Segment Start: Provided material

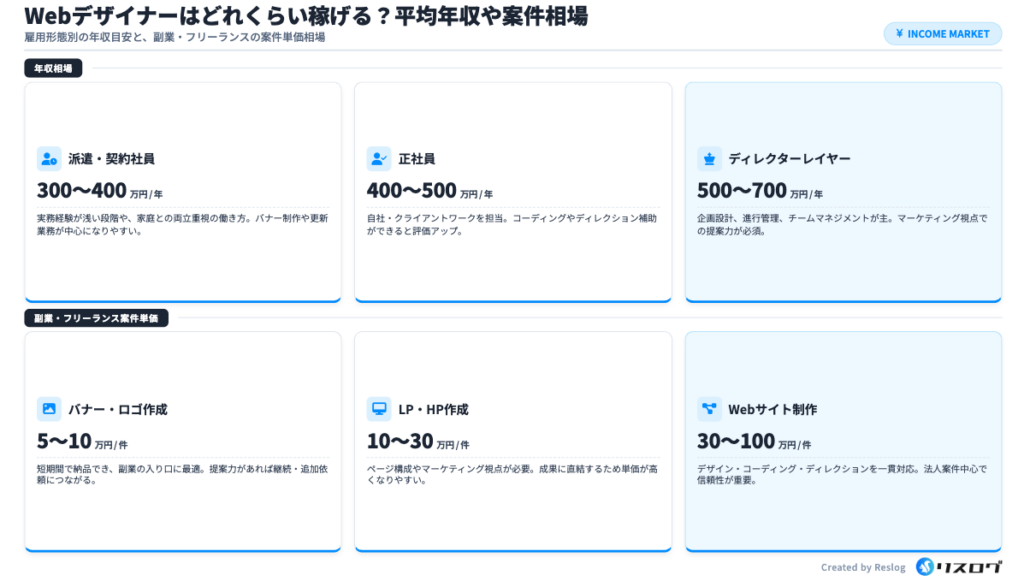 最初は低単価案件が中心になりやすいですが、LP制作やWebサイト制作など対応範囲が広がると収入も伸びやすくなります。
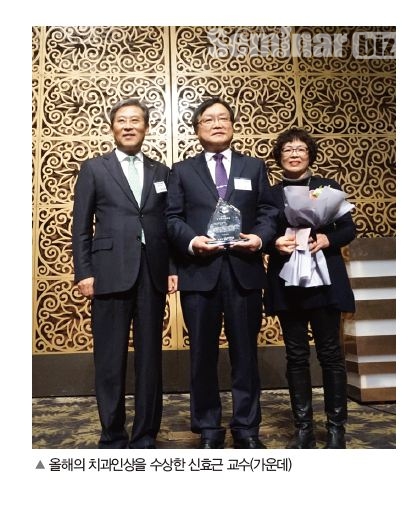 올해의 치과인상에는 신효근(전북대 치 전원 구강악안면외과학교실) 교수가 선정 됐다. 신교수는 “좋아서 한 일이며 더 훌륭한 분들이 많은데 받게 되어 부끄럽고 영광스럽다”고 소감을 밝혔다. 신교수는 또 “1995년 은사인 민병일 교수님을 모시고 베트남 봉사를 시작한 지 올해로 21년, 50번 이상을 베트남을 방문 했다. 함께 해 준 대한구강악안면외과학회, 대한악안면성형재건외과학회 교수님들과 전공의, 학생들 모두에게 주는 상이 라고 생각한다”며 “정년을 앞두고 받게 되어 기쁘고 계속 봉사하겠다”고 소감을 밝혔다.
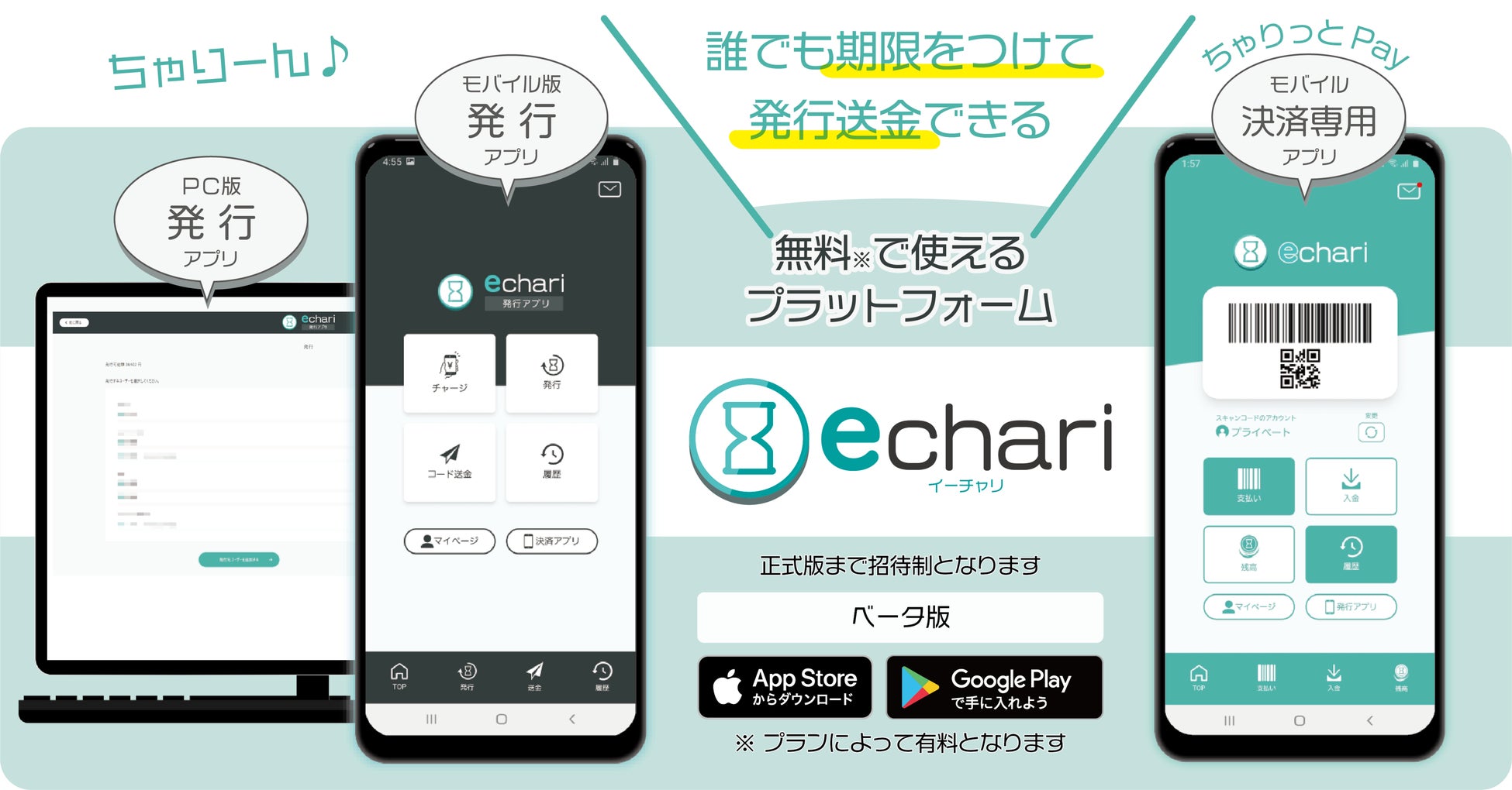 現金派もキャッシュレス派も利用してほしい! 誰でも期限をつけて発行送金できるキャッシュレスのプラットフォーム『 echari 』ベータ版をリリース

Segment End: Provided material

▶ [Task]:
From the line containing "올해의 치과인상에는 신효근(전북대" through the final line of the listing, copy every line exactly and nothing else. Skip the pictures.

▶ [Reply to the exercise]:
 올해의 치과인상에는 신효근(전북대 치 전원 구강악안면외과학교실) 교수가 선정 됐다. 신교수는 “좋아서 한 일이며 더 훌륭한 분들이 많은데 받게 되어 부끄럽고 영광스럽다”고 소감을 밝혔다. 신교수는 또 “1995년 은사인 민병일 교수님을 모시고 베트남 봉사를 시작한 지 올해로 21년, 50번 이상을 베트남을 방문 했다. 함께 해 준 대한구강악안면외과학회, 대한악안면성형재건외과학회 교수님들과 전공의, 학생들 모두에게 주는 상이 라고 생각한다”며 “정년을 앞두고 받게 되어 기쁘고 계속 봉사하겠다”고 소감을 밝혔다.
 現金派もキャッシュレス派も利用してほしい! 誰でも期限をつけて発行送金できるキャッシュレスのプラットフォーム『 echari 』ベータ版をリリース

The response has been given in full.